Tooling
CLI, formatter, linter, tests, REPL, and the Language Server.
Tooling
Tooling in the current repo is bigger than a single souc binary. A comprehensive picture needs to include the checked artifact, the script-based gates, the website quality checks, and the self-host verification surfaces that surround the compiler.
Current contract
- The checked-in
soucartifact is still the most concrete public CLI surface. - The CLI surface should be discovered from
--helpandinfo, not inferred from stale docs. - Scripted gates are part of the tooling story because they are how the repo proves whole-system claims about the compiler, stdlib, self-host path, and website.

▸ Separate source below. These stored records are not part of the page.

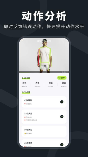 1、采用AI动作捕捉技术,通过手机摄像头实时分析挥拍轨迹与姿势。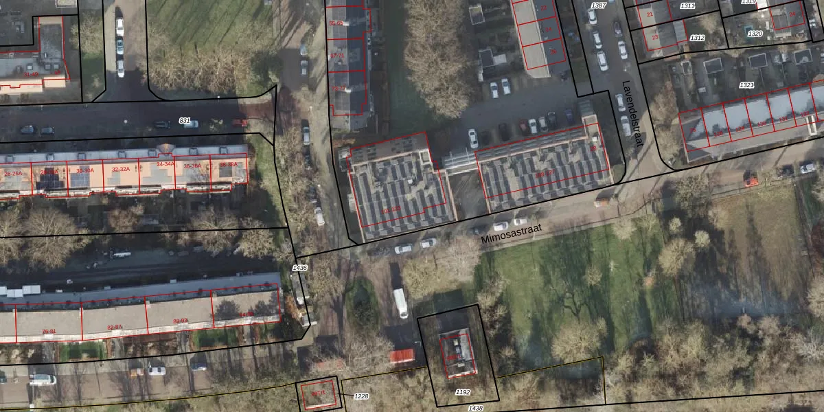 Het perceel waarop Mimosastraat 101 staat heeft een oppervlakte van 7175 m². Dit is een zeer groot perceel. De perceeloppervlakte wordt geregistreerd door het Kadaster. Gedetailleerde informatie over de maten van dit perceel kunt u vinden in het rapport Kadastrale kaart met maatvoering van Mimosastraat 101.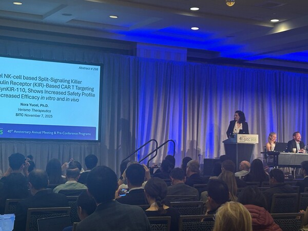 HLB이노베이션 미국 자회사 베리스모 테라퓨틱스가 지난 7~9일(현지시간) 미국 메릴랜드에서 개최된 '미국면역항암학회(SITC 2025)'에서 고형암 CAR-T 치료제 'SynKIR-110'의 전임상 결과를 구두 발표했다.

CLI surfaces to inspect first
export SOUC_BIN="$(pwd)/artifacts/omega/souc-bin/souc-linux-x86_64-jit"
"$SOUC_BIN" --help
"$SOUC_BIN" info
"$SOUC_BIN" fmt --help
"$SOUC_BIN" lint --help
"$SOUC_BIN" repl --help
Repo map
scripts/holds the main gate and workflow commands.scripts/selfhost/covers self-host verification and zero-fallback gates.website/package.jsondefines the docs and publish-quality checks for the site itself.self-hosted/tools/and related self-host verification docs explain the rustless and bootstrap-oriented tooling story around the compiler.
High-value repo checks
bash scripts/fast_gate.sh
bash scripts/selfhost/selfhost_zero_fallback_gate.sh
npm --prefix website run check:quality
How to document tooling accurately
- Describe the checked artifact, then describe the surrounding verification scripts.
- Document feature-gated tooling such as LSP, GPU, or LLVM as artifact-dependent.
- If a workflow depends on a self-host or bootstrap stage, say so directly instead of presenting it as a default end-user path.